• **ACTION ITEM**
The printed result should hold only the lines from the opening of the data through the line bearing "VICTORIAN 19TH C", exactly as given and without pictures.

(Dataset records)

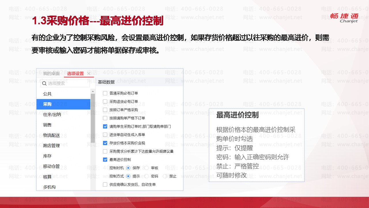有的企业为了控制采购风险,会设置最高进价控制,如果存货价格超过以往采购的最高进价,则需要审核或输入密码才能将单据保存或审核。
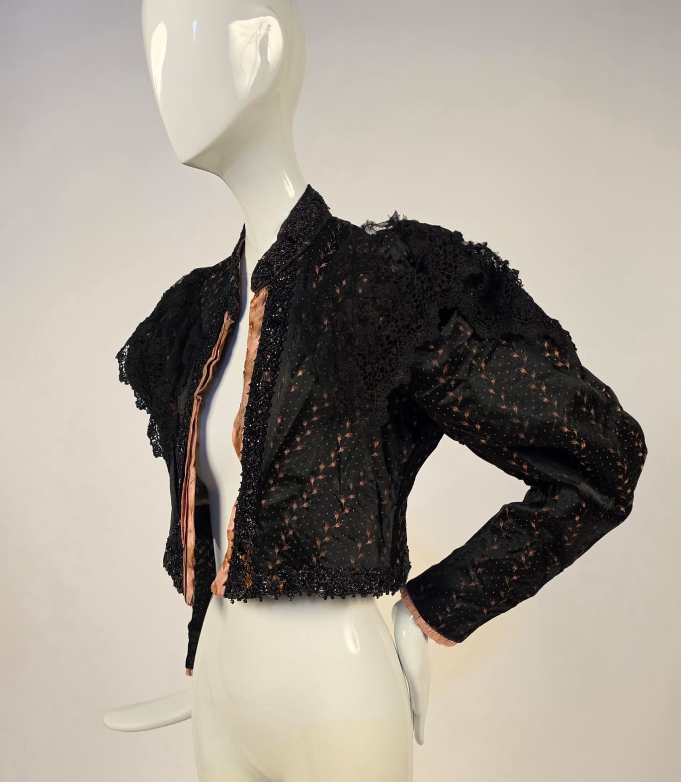 VICTORIAN 19TH C ROSEBUD PATTERN SILK BODICE W PUFF SLEEVES
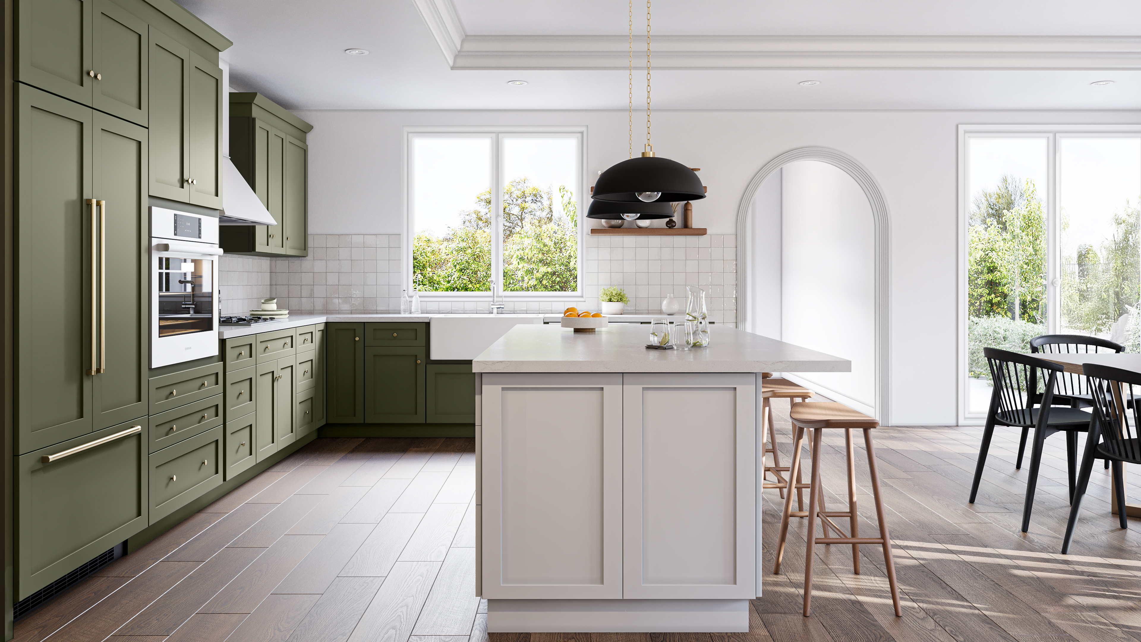 The Allure Galaxy collection serves as the ultimate canvas for self-expression, blending the structural strength of a wide-rail shaker with a palette that ranges from the ethereal to the earthy. In these featured spaces, we explore the dramatic tension between the organic soul of Desert Oak and the deep, botanical mystery of Forest Green. By pairing these rich tones with crisp White islands, we’ve created a gravitational center in the home where timeless geometry meets contemporary, high-impact light.We’ve taken the classic shaker and given it a world of color to orbit.
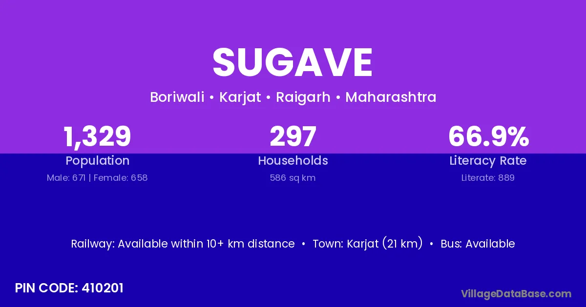 Karjat (21 km) is the nearest town to Sugave village for major economic activities and is located approximately 21 km away.
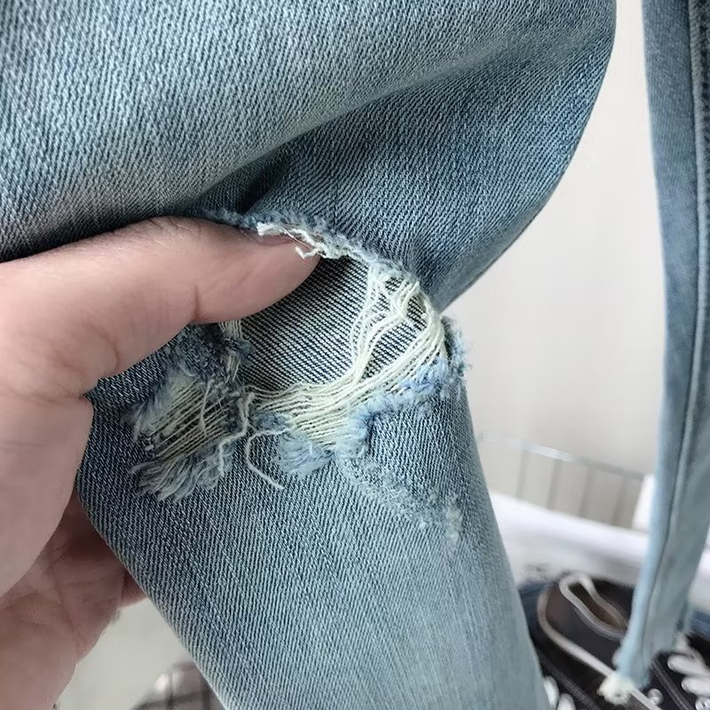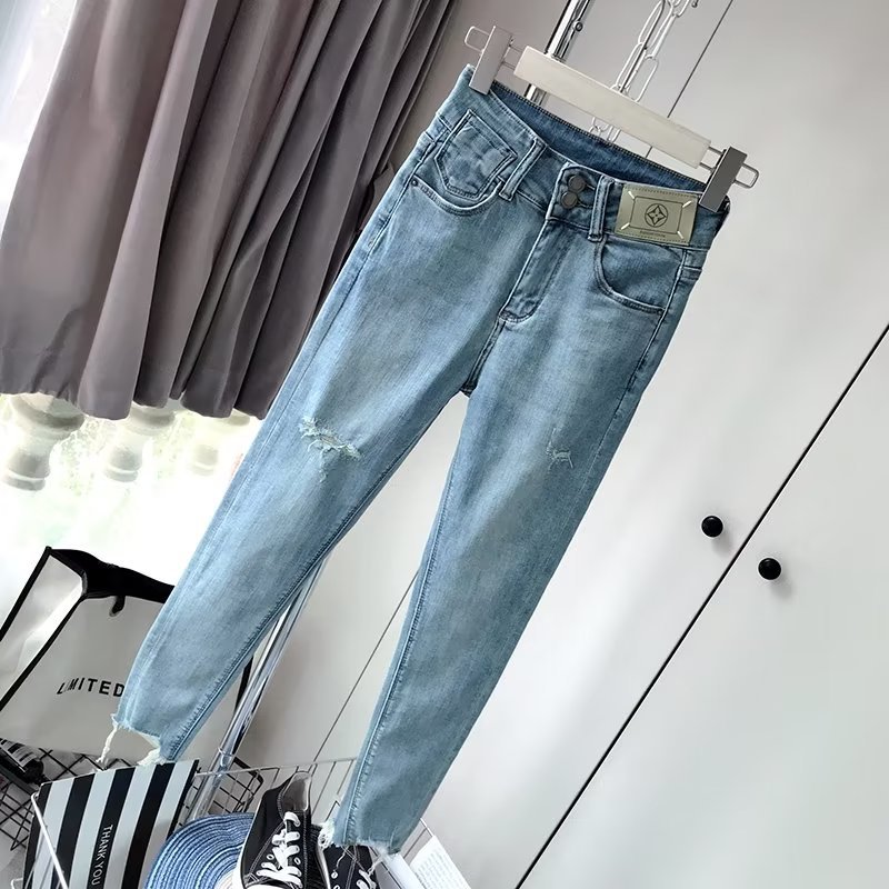 Главная страница > Винтажные ностальгические универсальные осенние тонкие рваные джинсы, женские новые эластичные облегающие укороченные брюки для похудения

• **TASK OUTPUT**
有的企业为了控制采购风险,会设置最高进价控制,如果存货价格超过以往采购的最高进价,则需要审核或输入密码才能将单据保存或审核。
 VICTORIAN 19TH C ROSEBUD PATTERN SILK BODICE W PUFF SLEEVES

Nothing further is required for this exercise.